Software and feature sets
When it comes to the platform itself, comparing the offerings from different vendors can be difficult. Some vendors, for instance, focus on an all-in-one offering. Others divide their offerings into “editions” with different feature sets. Still others offer modular products, consisting of a basic product and add-ons that can be purchased individually. Each model has its advantages:
- All-in-one offerings are the simplest option. You don’t need to compare different editions of the product or figure out which add-ons provide the features you need, since you can only purchase a single, fully-featured product.

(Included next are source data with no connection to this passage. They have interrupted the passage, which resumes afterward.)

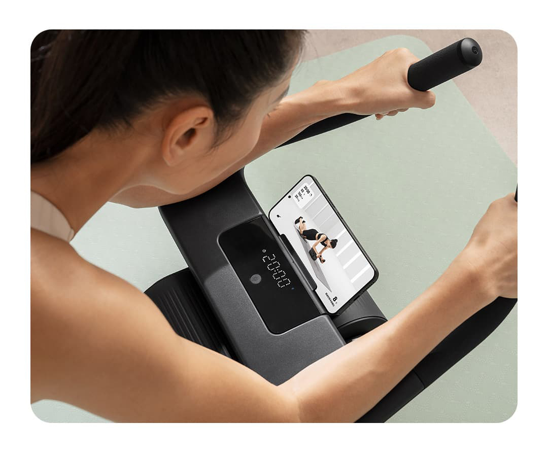 در قسمت جلوی این دستگاه یک صفحه نمایش LED مخفی قرار دارد که در حین تمرین اطلاعات مهم مثل تعداد تکرار، زمان و… را به صورت واضح و لحظهای نشان میدهد. این ویژگی کمک میکند بدون نیاز به اپلیکیشن در لحظه دادههای تمرین را مشاهده کنید.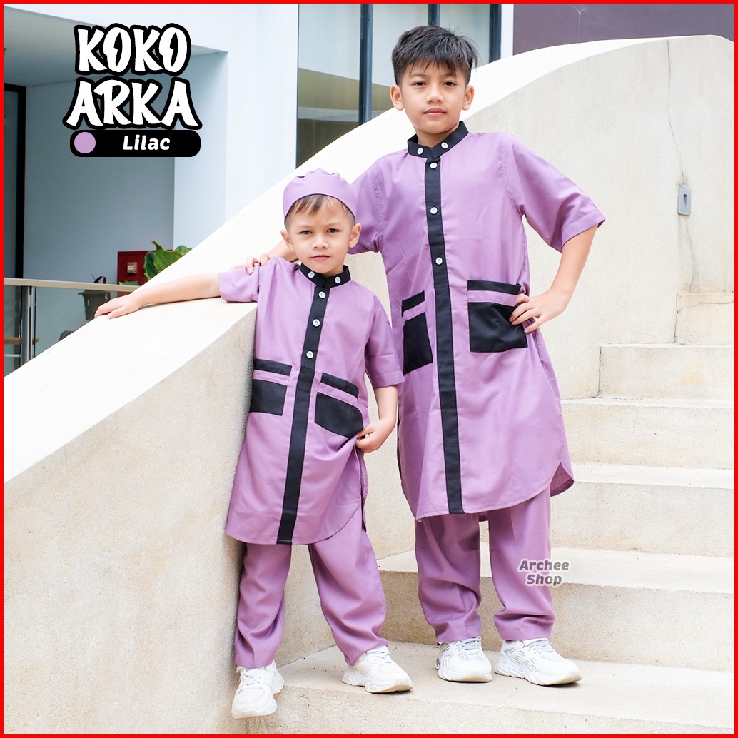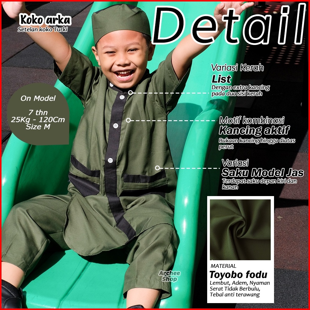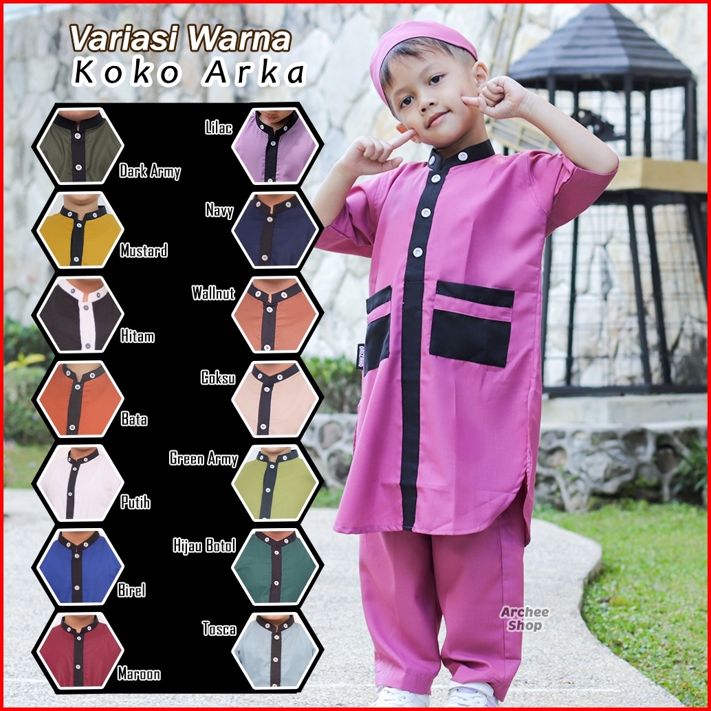 Setelan Baju Koko Kurta Muslim Anak Laki Laki Cowok Lengan Pendek Arka Bahan Katun Toyobo Fodu Halus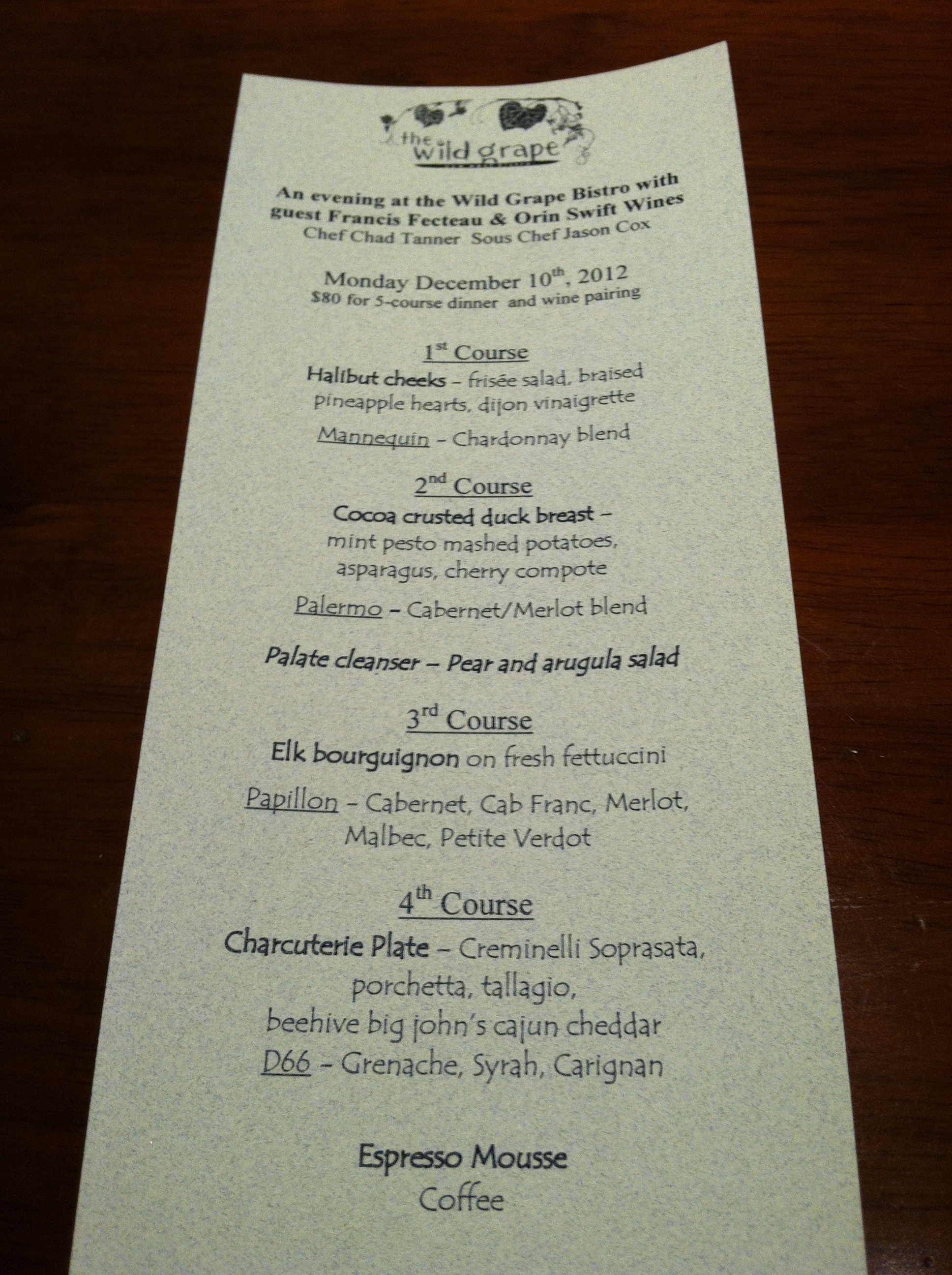 We sipped on a mulled wine cocktail (delish) and read over the menu for the evening. Halibut cheeks, duck, elk bourguignon, charcuterie, chocolate mousse…all paired with some of our favorite wines. This was going to be a GOOD DATE.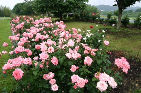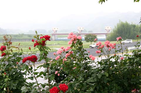 バラ園は母なる川久慈川にかかる辰口堰の下流側東岸に位置するため、雄大な流れと奥久慈の緑を背景に、彩りを鑑賞することができます。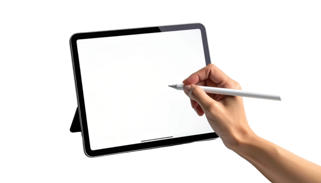 Sleek tablet device with stylus actively drawing on screen, showcasing modern technology and digital creation.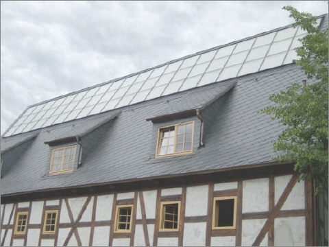Eine Solaranlage mit einer Gesamtfläche von 60m2 unterstützt die Heizungsanlage und bereitet warmes Wasser. Die Deckungsrate der Solaranlage an der gesamten Heizenergie des Hauses beträgt etwa 30%. Die Solaranlage wird im sog. "Trägflußprinzip" - "LOW-FLOW" betrieben. Die Steuerung unterscheidet zwischen oberen Speicherbereich für Warmwasser und unteren Speicherbereich für Heizung. Somit wird immer die ideale Ausnutzung der Anlage und damit ein hoher Wirkungsgrad erzielt.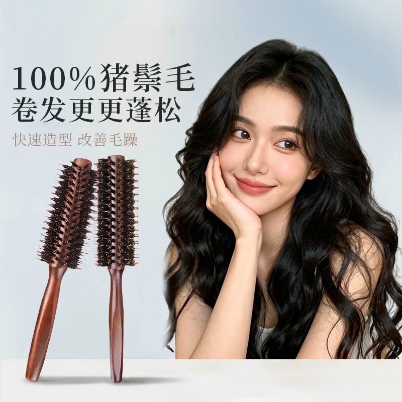发廊专业猪鬃毛卷长发梳子女士家用滚梳直发内扣梨花圆筒受热木男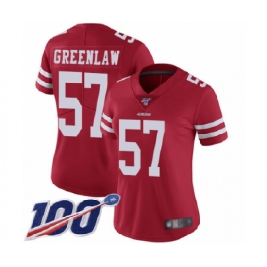 >Women's San Francisco 49ers #57 Dre Greenlaw Red Team Color Vapor Untouchable Limited Player 100th Season Football Jersey

- Products that come in different “editions” or “versions” give you a range of preselected feature sets to choose from, with higher prices for more extensive feature sets. This pricing scheme can save you some money if you don’t need an extensive feature set. On the other hand, you may find that you want just one feature from the most expensive version, forcing you to either buy many features you don’t care about or live without the feature entirely.
- Modular products are sold as a basic product for which a range of add-ons is available. Modular products can also save you some money if you don’t need a broad range of features. However, the basic product may be highly limited without add-ons — and if you do need lots of features, licensing and managing all of the required add-ons can be difficult.
Subscriptions and one-time licenses
The classic “pay once, use forever” approach to software licensing is available for SIEM platforms, too. While perpetual licenses are convenient, they can be prohibitively expensive for small- and medium-sized businesses. Additionally, subscription pricing is the norm for cloud services, including cloud-based SIEM solutions. For these reasons and others, subscription pricing is gaining popularity in the SIEM market.
Having said that, subscription pricing for a SIEM platform typically works a bit differently than it does for products like smartphone apps or design software. Instead of paying a fixed amount per month or year, the amount you pay may be based on how much data you store on the vendor’s servers. As with other enterprise software, paid monthly or yearly support plans are also common, and one may not be included in your initial purchase.